Condors in Zion National Park, Utah
The family snuck in a 4-day camping trip to Zion National Park recently. It’s an astoundingly beautiful spot. Unfortunately, it’s no secret, so it’s overrun with humans. For that reason, despite traveling to Utah every year, passing just 30 minutes from Zion, we never go. But a friend had reserved two group campground sites, and a bunch of families were up for the trip to celebrate some recent birthdays.
I managed to squeeze in two awesome, and distinct, hikes while we were there. The first was hiking the Zion Narrows. Getting to the trailhead requires riding the Zion Shuttle all the way to the end of line. From there, it’s a one-mile hike alongside the Virgin River. The trail is wide and flat here. The fun begins where the canyon narrows and the trail ends. From here, you walk up river. And I mean river – most of the hiking from here involves feet in the water. Depending on the flow rate, the water will be ankle deep with occasional mid-thigh sections, or worse. We had a nice low flow rate, so the water never got to my waist. The water is cold, though, and the rocks are uneven and can be slippery. A walking stick is a must, the rental water shoes weren’t necessary (my 15 year old son and I hiked in keens + neoprene socks). We made it all the way to Wall Street–3 miles from the trailhead–where the canyon is just 22 feet wide and the cliff walls are 1500 feet tall. The crowded Narrows isn’t a good spot for birding. You can see Dippers, and a handful of songbirds, and a condor could fly over, but a lone raven was my only bird sighting of the 6 hour hike.
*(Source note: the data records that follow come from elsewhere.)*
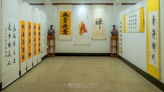 用过斋饭,大家参观了南海禅寺书画研究院陈列的名人名家书画作品。随后在南海禅寺方丈界乘法师的带领下来到大雄宝殿,界乘方丈亲自诵经为信众、记者们祈福。百家网媒及摄影师满怀虔诚之心,依次燃香敬佛,最后在天王殿三心桥,合影留念。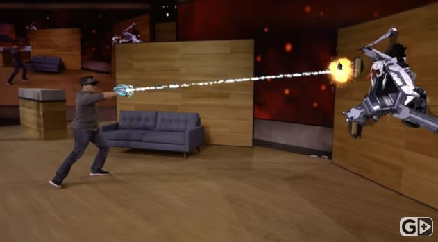 VRのようにゴーグルをつけるのですが、これは現実と仮想現実の融合というイメージです。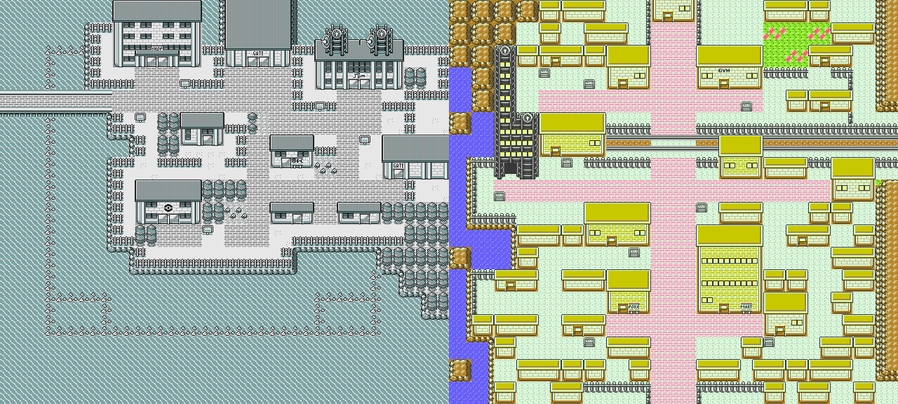 Generally I just don't think Masuda's a good game designer, all of this games feel incomplete because he's planning the next game while working on the current ones usually and compromises heavily on the vision to satisfy daddy Nintendo. One thing people don't really bring up about the ambitious 97GS release is they clearly had more ambitious concepts for the game's presentation that was dropped in favor of making the game mostly look like generic houses. Goldenrod is a bigger map but it uses less of its space effectively and introduces these annoying grooves (likely "realistic" to Osaka, but not fun in a gameplay sense) while also having EXTREMELY generic building tiles that make it hard to determine what is what without the lazy Gym and Mart labels. The only real improvement Goldenrod makes on the West concept is adding the iconic Magnet Train, which was 100% only added because Osaka needs its train to be Osaka. HGSS fixes a lot of the presentation issues of Goldenrod, among other cities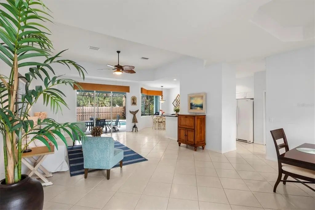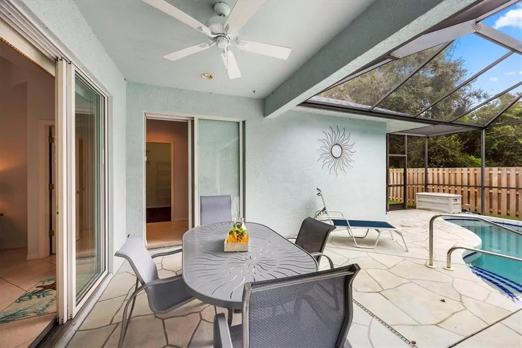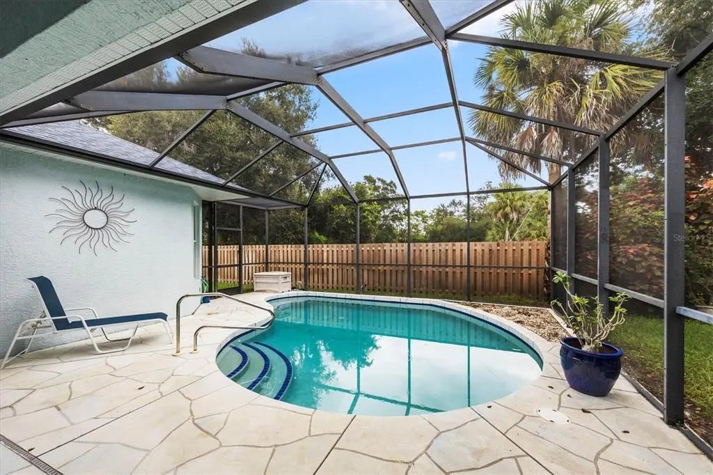 One or more photo(s) has been virtually staged. Relax, entertain, and enjoy it all! This 3-bedroom, 2-bath pool home is beautifully designed and ready to fit your lifestyle offering the perfect balance of indoor and outdoor living. From the charming front porch and double-door entry, step inside to a spacious open-concept layout with volume ceilings, abundant natural light, and a thoughtful split-bedroom design. The living room flows seamlessly to the lanai through oversized sliders, while the formal dining room boasts a tray ceiling that adds elegance to every gathering. The kitchen is a true centerpiece, featuring a breakfast bar, a built-in desk, a large pantry, and a breakfast nook framed by an aquarium window overlooking the sparkling pool. Ceramic tile flooring extends through the main living areas for easy maintenance and timeless appeal. The primary suite offers a generous 19x14 bedroom with tray ceiling, walk-in closet, and a spacious bath with dual sinks, a walk-in shower, and private slider access to the pool. Guests will enjoy their own wing with two additional bedrooms and a full bath, ensuring comfort and privacy. Beyond the living spaces you’ll appreciate the large laundry room with storage and folding counter, plus an oversized 2+ car garage with a dedicated 13x10 workshop/storage area, pull-down attic stairs, and drop-down shelving. Step outside to your private backyard oasis, complete with a screened lanai and a sparkling pool. It’s the perfect area for lounging or entertaining. The fenced yard provides peace of mind and added privacy. Recent updates add confidence with a brand-new roof (June 2025), new pool pump, 2024 hot water heater, and 2024 pool cage screens. Low HOA fee of just $889 per year (covering irrigation) and no CDD fee make this home affordable and stress-free. All of this in a prime Venice location, just minutes from Downtown Venice, Gulf beaches, golf courses, shopping, dining, and entertainment. Plus, it’s not located in a flood zone. This home checks every box: style, space, updates, and location. Don’t miss the opportunity to make it yours!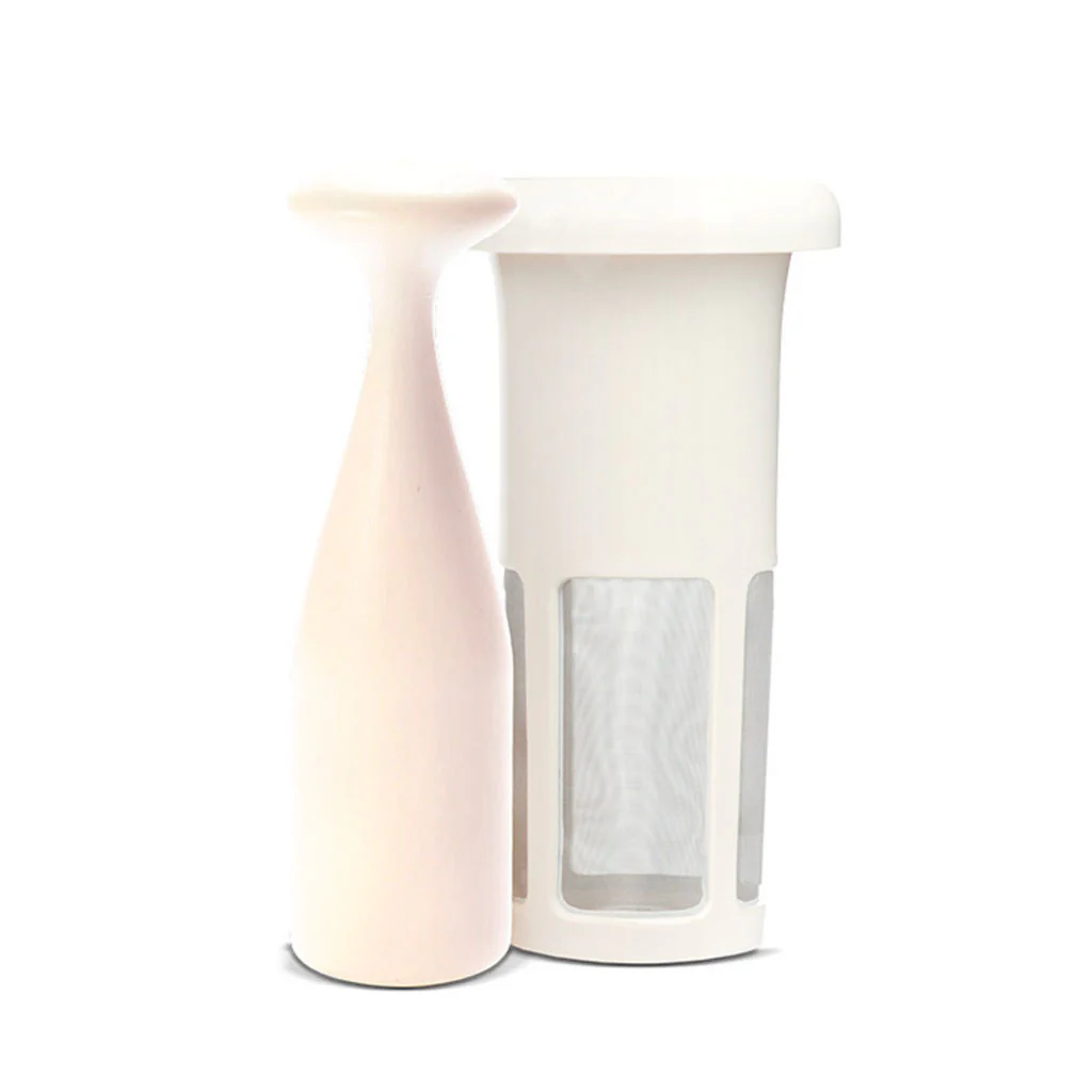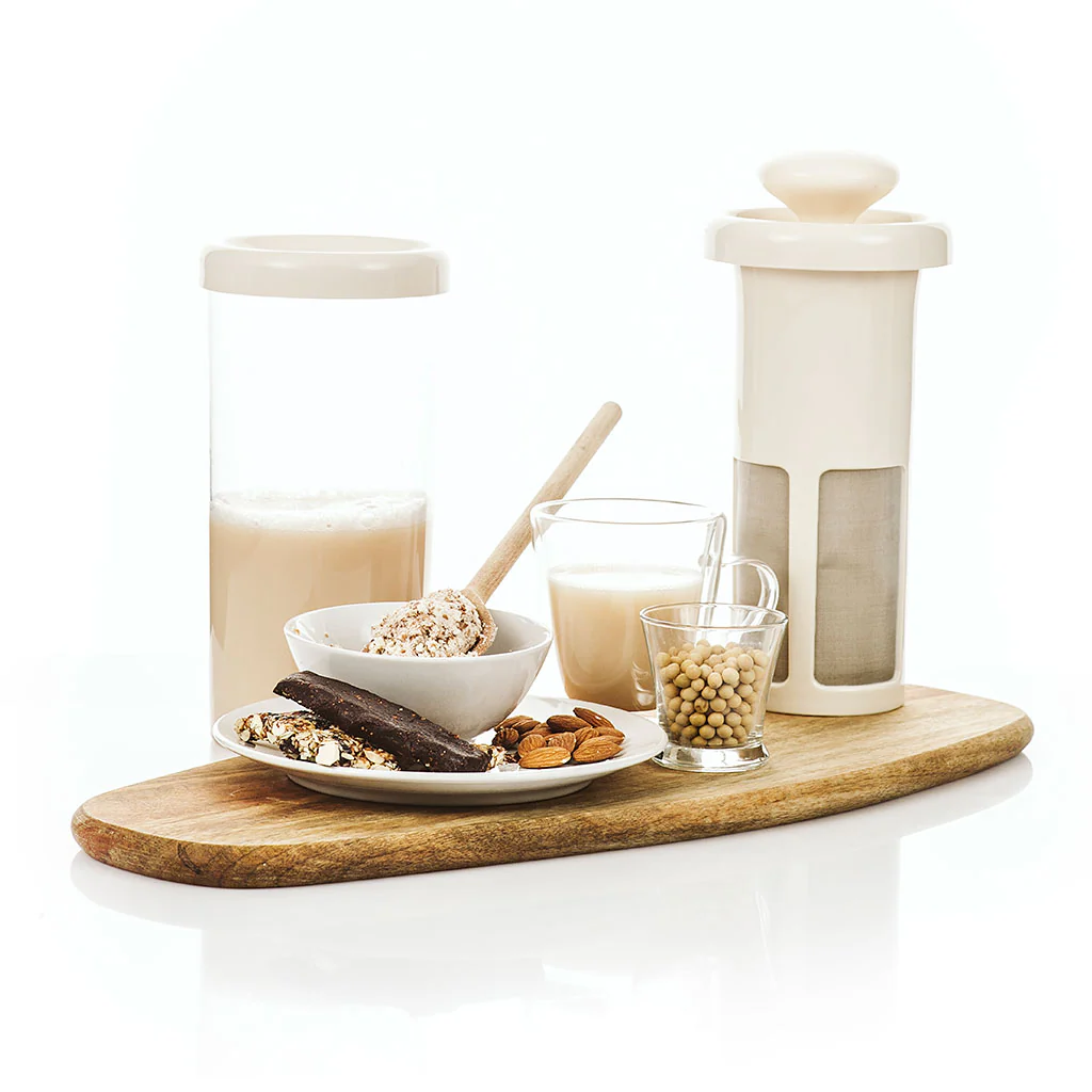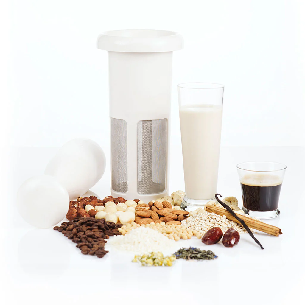 La Vegan Milker® está compuesta por un recipiente con tapa, un vaso filtrador, con filtro de malla fina de acero inoxidable alemán, y un mortero. Con ella podrás hacer todo tipo de bebidas vegetales, tanto de semillas, frutos secos o cereales, como horchata, zumos frutas, verduras y hortalizas, yogures y quesos, ¡e incluso café!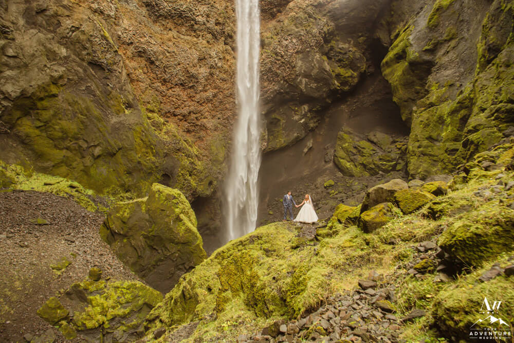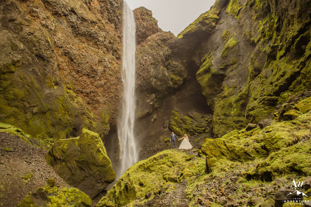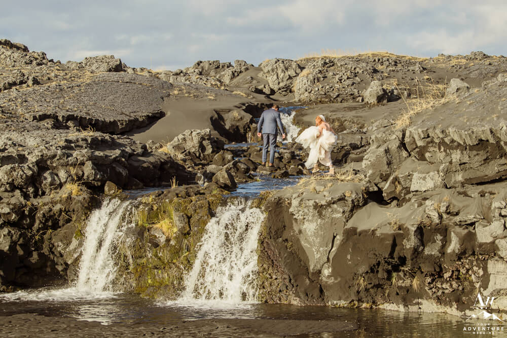Often couples who love the outdoors, want to have hiking incorporated into their elopement. Therefore, next on Ryan and Megan’s October Iceland elopement was heading to a waterfall in the highlands! Further, these two thoroughly enjoyed the trek, the views, and the cuddles!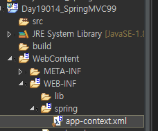 앞서 선언한 경로대로 WebContent 하위폴더 WEB-INF에 spring 이라는 폴더를 만들고 해당 폴더 안에 app-context.xml 파일을 생성해준다. 이때 xml 파일은 Spring Bean Configuration File 이다.

The second awesome hike was Angels Landing. Like the Narrows, this is not a hike you’re going to do alone. Beyond that, it’s a totally different and amazing experience. This hike rises from the canyon bottom, up some switchbacks that appear from below to be carved into the cliff. From there, you hit Refrigerator Canyon – a cool, shady, narrow canyon where the Mexican subspecies of Spotted Owls apparently nest. Once you make it through this welcome respite from the heat, you encounter Walter’s Wiggles, 21 short, but steep, switchbacks that take you to the true highlight of the hike: the rock formation known as Angels Landing. It’s a half-mile hike along this narrow, steep spine of rock. In spots, it’s just a few feet wide, and there are 1,000 foot drop-offs on each side of you. It’s truly not for the faint of heart. In particularly sketchy sections, you’ll be thankful for the metal chains to grab onto.
Once you make it to the top of Angels Landing, the views are spectacular. Even better for the birder who has made it, this is one of the best spots to see California Condors in Zion. There are around 70-100 condors who make Utah and Arizona their home. Just this summer, there was a nest on the cliff below the scary section of the Angels landing hike. The bird hatched in the wild, and apparently took its first flight at the end of August. Just as we made it to the top, we spotted two adult condors soaring. Amazingly enough, they were soaring below us, not a sight I ever expected to see. At one point, we had eye-level views at a distance of about 75 feet of one of the condors. A third condor, a juvenile, joined them. I was able to read the tags on two of them – the juvenile was 4 years old, and the adult was 18.
As far as birding goes, the campground was the most productive spot by far. There were Yellow-rumped Warblers and Summer Tanagers and Western Bluebirds moving through the trees. I also spotted Red-naped Sapsucker, Downy Woodpecker, Northern Flicker, and Black-capped Chickadee. There weren’t a lot of birds, but I wasn’t complaining.
I’m not going to be condescending and say don’t go to Zion National Park because there are too many people there. However true the “it used to be better before everyone else starting coming” position may be, Zion is worth a trip despite the crowds – for the beauty, the scale, and the condors.